Get an external drive to serve as a backup.

Use either CarbonCopyCloner or SuperDuper to create a BOOTABLE cloned backup of your current install on a backup drive.
IMPORTANT: DO NOT USE time machine. You need to create a BOOTABLE backup!

CCC and SD are FREE to use for 30 days.
Doing what I suggest will cost you nothing.

Now... BOOT FROM the cloned backup drive.

Open Disk Utility. Go to the view menu and choose "show all devices" (VERY important step).

Select "the top line" that represents the physical drive inside your Mac.

ERASE it.
- For High Sierra and earlier, choose Mac OS extended with journaling enabled, GUID partition format.
- For Mojave and later, choose APFS with GUID partition format.
(Looks like you need APFS)

Now try disk utility's "first aid" function again.
Do you still get the same errors, or have they been "cleaned up".

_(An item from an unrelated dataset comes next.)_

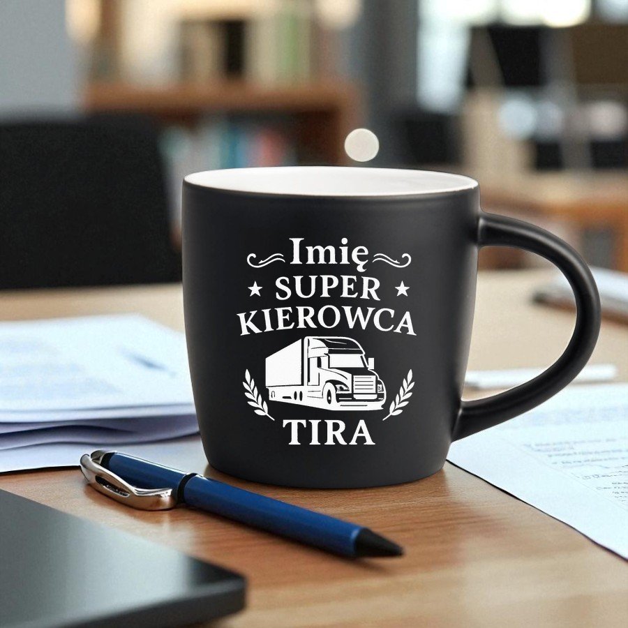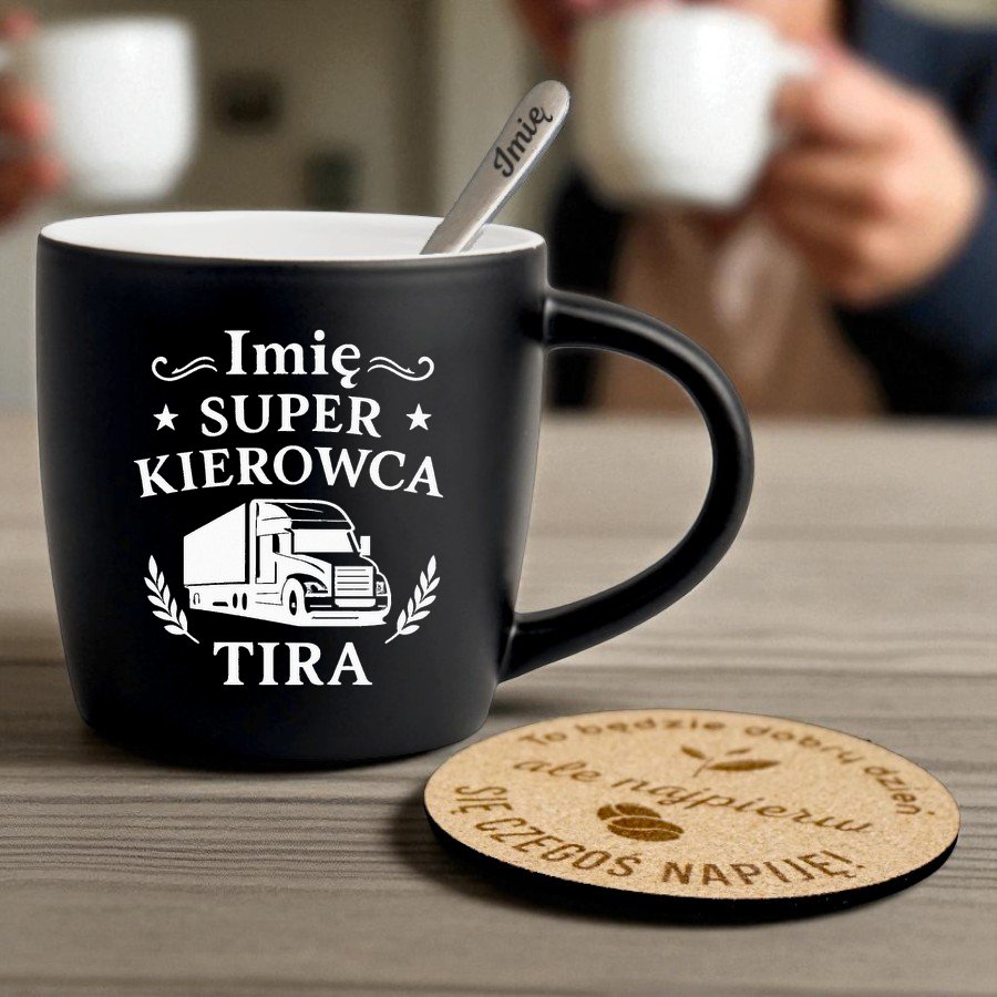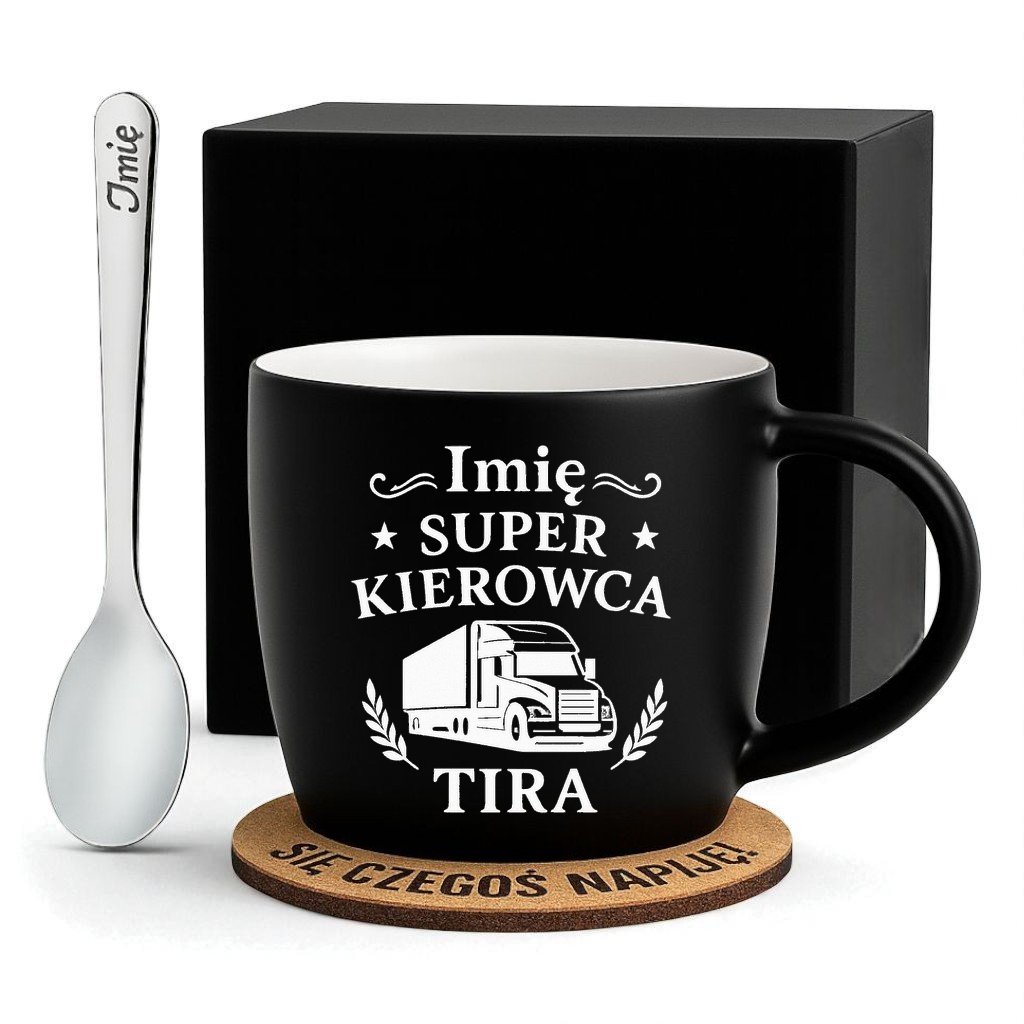 Kubek Personalizowany z Imieniem Czarny + Łyżeczka i Podkładka Zestaw dla kierowcy Tira v.2

If they're gone, and the disk now looks good, quit Disk Utility and re-open CCC (or SD).

Next, RE-clone the contents of the cloned backup BACK TO the internal drive.

That should do it.

I realize this is "some work" and will take some time, but sometimes the only way to clear up problems with disk corruption is to just erase it and start over.
my friends imac, had this issue.... viruses too..... i used CCC on my macbook pro, with imac in target mode. Did a clamx av scan, got rid of all the malware, cloned to external, erase imac internal, cloned back to imac from external.... a few hiccups but dealt with.... ALL FIXED AND WORKING!!!!! THANK YOU FISHR!!!